叶月怜浑身无力,她瘫在锦榻上,羞得不敢抬头。
艾嬷嬷呵斥:“死丫头,还不快谢过楼主!楼主从来不会亲自动手调教楼里的姑娘,你能被他摸,这是福气,姑娘们想求都求不到!”
叶月怜说不出话,脸颊羞红如血,然而小穴还仿佛意犹未尽那样,在一张一合。
她的两腿间,早已滑腻一片,锦榻上也湿了一大片。
男人浅笑了一下,把湿淋淋的手指凑到唇边,用舌头轻舔,低声道:“蜜汁都这么甜,你真是美味!”
叶月怜一愣,看他竟然把自己淌出的淫水,舔得干干净净,还仿佛品尝琼浆一般,居然一点也不嫌脏,心中一动,更为羞窘。
她索性紧闭上眼睛,不敢再看。
自己刚才的淫乱,是她完全意想不到的。
她自小被家中严格管教,根本不曾碰过任何男人,可哪想到,刚才她竟然求着这个男人插入自己!
片刻后,男子睁开眼,说道:“艾嬷嬷,带她去休息吧,注意看好。谁要是敢破了她的处子身,就挖掉双眼,剁成肉酱扔进蛇池。
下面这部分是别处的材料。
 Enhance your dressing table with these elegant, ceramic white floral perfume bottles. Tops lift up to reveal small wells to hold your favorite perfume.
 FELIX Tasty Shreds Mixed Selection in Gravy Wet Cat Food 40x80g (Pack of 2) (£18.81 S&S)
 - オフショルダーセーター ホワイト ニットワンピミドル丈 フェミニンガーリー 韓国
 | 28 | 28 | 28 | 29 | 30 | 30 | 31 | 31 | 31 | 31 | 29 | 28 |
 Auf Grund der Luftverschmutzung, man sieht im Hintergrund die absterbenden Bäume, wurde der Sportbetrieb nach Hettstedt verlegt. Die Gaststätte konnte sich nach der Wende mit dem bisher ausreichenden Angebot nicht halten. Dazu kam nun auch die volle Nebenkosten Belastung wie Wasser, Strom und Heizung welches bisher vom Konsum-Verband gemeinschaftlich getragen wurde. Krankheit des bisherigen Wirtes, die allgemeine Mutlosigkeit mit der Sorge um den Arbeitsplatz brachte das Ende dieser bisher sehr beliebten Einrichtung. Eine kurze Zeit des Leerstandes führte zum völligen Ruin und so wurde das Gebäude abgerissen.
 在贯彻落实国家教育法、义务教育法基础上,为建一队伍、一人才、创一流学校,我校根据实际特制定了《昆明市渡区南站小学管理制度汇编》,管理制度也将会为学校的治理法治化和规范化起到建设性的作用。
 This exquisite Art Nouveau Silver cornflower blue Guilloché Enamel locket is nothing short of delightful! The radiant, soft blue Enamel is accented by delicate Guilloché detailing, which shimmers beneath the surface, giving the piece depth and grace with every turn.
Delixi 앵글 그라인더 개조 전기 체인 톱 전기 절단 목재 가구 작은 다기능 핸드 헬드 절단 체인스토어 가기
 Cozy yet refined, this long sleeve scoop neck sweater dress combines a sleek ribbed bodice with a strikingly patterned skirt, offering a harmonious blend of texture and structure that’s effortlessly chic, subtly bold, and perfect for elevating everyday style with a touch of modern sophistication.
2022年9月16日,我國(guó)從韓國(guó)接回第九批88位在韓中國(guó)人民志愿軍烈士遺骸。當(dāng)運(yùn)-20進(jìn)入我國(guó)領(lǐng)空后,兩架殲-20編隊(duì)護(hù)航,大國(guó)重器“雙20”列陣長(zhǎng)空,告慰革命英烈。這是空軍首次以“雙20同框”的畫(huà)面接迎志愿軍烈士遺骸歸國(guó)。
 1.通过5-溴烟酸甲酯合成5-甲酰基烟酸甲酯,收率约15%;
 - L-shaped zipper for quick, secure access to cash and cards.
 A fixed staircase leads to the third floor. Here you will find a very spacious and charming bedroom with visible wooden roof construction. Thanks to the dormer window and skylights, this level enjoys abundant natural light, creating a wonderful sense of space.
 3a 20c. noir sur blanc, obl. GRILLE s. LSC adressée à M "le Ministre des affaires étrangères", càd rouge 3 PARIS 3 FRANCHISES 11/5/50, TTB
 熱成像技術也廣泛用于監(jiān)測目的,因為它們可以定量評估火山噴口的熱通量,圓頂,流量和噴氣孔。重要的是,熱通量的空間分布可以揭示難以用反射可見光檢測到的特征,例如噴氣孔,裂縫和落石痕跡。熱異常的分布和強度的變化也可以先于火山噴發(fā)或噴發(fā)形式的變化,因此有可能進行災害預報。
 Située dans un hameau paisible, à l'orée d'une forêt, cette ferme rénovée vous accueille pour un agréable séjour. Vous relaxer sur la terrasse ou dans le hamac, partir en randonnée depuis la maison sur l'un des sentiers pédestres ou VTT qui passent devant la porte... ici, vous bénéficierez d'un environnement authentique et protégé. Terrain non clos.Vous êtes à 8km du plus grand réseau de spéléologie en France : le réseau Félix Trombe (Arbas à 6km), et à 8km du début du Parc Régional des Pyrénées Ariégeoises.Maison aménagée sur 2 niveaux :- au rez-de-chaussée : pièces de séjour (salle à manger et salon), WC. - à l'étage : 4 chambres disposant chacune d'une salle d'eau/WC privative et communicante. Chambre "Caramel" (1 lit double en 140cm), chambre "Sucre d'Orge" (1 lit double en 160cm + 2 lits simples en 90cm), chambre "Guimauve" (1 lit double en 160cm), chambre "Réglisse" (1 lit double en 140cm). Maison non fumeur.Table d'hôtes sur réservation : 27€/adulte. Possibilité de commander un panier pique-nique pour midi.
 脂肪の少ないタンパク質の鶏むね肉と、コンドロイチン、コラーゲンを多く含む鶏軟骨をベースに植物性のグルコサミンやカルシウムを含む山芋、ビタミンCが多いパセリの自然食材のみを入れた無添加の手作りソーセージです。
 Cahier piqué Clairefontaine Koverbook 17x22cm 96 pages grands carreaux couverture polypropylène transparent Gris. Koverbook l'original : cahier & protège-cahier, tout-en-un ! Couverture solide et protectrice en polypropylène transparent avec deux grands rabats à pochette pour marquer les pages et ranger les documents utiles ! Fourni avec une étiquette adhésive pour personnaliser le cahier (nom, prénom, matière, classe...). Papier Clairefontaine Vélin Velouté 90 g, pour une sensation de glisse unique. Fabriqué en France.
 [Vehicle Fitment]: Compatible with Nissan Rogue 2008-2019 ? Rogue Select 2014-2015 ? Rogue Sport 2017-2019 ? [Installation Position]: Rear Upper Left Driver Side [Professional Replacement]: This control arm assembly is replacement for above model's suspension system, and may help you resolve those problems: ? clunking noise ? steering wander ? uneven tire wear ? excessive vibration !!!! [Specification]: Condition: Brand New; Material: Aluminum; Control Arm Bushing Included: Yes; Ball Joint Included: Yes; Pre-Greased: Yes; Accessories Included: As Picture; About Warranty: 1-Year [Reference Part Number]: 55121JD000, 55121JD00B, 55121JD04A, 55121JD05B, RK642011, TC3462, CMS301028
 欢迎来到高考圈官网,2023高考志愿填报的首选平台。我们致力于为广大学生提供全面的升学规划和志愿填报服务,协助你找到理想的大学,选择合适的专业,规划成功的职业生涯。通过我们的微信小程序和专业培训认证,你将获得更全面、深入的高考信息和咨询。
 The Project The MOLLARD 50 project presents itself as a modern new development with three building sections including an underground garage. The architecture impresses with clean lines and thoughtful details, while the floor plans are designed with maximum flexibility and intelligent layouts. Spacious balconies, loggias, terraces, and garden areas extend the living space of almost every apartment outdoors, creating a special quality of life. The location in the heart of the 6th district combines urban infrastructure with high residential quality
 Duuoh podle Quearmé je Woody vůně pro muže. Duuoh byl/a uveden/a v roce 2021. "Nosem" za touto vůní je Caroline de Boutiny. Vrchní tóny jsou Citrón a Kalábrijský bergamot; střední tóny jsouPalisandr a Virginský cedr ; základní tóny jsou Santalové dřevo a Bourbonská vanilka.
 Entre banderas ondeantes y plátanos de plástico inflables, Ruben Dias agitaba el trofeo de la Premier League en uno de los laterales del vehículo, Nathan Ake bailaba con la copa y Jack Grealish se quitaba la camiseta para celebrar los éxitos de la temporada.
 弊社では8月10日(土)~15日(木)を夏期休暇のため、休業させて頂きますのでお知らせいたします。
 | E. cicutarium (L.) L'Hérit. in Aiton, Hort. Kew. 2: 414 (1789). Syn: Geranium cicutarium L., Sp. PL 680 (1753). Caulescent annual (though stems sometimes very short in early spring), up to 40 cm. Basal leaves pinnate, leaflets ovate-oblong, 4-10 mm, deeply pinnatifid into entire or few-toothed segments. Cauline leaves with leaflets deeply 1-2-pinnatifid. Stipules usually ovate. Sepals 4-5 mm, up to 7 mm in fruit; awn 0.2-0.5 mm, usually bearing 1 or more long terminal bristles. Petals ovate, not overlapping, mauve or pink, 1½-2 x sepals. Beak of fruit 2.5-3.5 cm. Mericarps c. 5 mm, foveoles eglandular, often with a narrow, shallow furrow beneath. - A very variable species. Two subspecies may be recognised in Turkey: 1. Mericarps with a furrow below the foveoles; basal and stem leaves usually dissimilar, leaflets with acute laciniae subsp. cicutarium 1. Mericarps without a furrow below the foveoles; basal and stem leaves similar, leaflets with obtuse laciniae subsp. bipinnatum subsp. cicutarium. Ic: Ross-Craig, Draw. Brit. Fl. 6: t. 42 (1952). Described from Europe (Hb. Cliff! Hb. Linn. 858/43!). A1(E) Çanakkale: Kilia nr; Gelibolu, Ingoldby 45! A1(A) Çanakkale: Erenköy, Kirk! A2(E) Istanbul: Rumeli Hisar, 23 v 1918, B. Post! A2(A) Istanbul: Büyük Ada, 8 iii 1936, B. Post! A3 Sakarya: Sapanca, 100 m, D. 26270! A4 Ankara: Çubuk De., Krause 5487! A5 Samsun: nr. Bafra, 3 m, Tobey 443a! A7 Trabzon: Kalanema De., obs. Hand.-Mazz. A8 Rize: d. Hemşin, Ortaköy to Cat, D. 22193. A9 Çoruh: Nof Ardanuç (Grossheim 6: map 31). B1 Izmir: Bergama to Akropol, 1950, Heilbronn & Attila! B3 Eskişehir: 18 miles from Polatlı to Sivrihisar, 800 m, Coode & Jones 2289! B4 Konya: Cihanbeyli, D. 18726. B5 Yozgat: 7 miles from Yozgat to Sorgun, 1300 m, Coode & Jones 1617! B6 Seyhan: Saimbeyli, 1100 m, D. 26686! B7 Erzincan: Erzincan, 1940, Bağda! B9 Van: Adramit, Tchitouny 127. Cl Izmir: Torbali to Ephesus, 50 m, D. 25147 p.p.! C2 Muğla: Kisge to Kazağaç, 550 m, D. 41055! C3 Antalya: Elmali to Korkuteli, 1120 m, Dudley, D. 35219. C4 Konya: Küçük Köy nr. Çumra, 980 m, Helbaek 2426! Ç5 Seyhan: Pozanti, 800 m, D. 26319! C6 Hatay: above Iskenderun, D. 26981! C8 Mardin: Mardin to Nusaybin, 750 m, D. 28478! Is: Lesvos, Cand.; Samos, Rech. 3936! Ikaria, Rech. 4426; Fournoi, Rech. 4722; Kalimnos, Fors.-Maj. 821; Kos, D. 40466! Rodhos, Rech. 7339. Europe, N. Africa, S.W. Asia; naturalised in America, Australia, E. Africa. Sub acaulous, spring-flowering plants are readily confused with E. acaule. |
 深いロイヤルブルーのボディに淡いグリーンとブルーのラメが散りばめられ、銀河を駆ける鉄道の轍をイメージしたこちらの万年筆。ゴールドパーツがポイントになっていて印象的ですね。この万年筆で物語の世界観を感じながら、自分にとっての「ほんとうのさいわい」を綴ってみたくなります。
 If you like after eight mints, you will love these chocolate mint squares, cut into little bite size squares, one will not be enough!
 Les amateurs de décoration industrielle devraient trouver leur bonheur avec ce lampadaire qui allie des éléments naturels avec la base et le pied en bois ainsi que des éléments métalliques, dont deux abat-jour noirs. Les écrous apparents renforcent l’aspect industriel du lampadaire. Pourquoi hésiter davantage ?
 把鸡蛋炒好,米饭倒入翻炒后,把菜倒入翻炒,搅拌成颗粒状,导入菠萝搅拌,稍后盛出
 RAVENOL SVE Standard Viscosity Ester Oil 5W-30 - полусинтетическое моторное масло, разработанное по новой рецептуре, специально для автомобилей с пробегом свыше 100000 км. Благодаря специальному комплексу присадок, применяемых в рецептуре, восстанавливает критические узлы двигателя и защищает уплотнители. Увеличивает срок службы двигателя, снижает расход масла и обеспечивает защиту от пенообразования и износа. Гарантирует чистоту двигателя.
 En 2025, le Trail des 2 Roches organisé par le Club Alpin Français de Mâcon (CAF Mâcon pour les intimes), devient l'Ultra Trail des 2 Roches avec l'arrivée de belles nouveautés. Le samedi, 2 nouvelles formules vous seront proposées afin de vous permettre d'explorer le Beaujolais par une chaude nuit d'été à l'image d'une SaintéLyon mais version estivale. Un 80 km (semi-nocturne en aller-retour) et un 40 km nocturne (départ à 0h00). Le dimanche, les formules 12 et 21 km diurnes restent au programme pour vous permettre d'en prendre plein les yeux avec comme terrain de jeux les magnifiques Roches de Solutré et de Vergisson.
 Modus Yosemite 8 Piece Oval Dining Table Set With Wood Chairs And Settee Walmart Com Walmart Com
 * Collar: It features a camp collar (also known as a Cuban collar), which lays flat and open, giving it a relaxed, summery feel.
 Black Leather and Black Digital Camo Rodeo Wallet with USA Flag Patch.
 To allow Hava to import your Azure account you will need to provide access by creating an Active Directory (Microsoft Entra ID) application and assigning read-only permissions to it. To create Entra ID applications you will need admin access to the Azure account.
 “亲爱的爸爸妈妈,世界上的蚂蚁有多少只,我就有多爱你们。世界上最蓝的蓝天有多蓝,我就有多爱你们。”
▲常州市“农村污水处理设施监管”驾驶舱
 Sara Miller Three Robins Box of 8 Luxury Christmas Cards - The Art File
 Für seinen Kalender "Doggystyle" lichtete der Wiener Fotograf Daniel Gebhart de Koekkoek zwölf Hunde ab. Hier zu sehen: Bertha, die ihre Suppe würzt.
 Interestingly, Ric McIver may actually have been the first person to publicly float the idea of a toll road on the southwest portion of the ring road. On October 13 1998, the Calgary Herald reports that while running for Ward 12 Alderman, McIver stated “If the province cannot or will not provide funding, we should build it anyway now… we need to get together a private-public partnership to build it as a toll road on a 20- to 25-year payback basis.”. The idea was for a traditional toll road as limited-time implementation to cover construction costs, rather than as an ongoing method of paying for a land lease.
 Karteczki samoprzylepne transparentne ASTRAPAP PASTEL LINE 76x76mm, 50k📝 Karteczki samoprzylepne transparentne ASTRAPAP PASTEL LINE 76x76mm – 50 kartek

”
说完,他顿了一下,又对艾嬷嬷道:“这等极品,想必会对那位贵客的胃口,明天的品蚌会,把贵客请过来吧。”
一排壮汉噤若寒蝉,连忙点头。
艾嬷嬷也连忙跪地,不敢丝毫怠慢。
谁都知道,玉娇楼主看似温文尔雅,实际上杀人不眨眼,骨子里的冷酷无情,无人能及!
昏昏沉沉间,叶月怜被送进一个单独的房间,反锁其中。
她被换上了一袭湖蓝湘妃裙,挣扎着爬起来,坐在绣榻上,暗自垂泪。
她本是镇西候之女,身份尊贵,可父候犯下谋逆大罪,及府中一百三十口男眷一起,行刑问斩。
母亲和姨娘相继上吊自尽,她一时犹豫,便被破门而入的官兵抓住,然后卖到玉娇楼。
一想到今后,自己会被无数男人压在身下,张开大腿玩弄抽插,叶月怜就悲从中来,难过得差点又落泪。
就在这时,窗户忽然“喀”的一响,一下子被打开。
一个黑衣人,猛的跳了进来。
叶月怜吓得一颤,立刻起身要叫人,说时迟那是快,对方猛一伸手,一把捂住嘴,将她按倒在床上。
“唔!”叶月怜惊恐万状,拼命挣扎。
黑衣人却扯下黑巾,露出一张英武俊朗的少年脸孔!
“怜儿,是我!”
一看见这张脸,叶月怜顿时热泪盈眶,一下子扑到他怀里。
“彻寒哥哥!”
少年抱住她,咬牙道:“我被军务缠身,来迟一步,他们没有对你做什么吧?”
叶月怜娇躯一震,想到刚才自己被男人用手玩弄花穴,竟然玩到潮吹,俏脸顿时通红。
她犹豫了一下,轻轻摇了摇头。
“没有。”
刚才的淫乱,她羞于让他知道。
“那就好。”少年松了一口气,坚定的说道:“你放心,我明日就随父亲一起进宫面圣,一定会把你救出去!”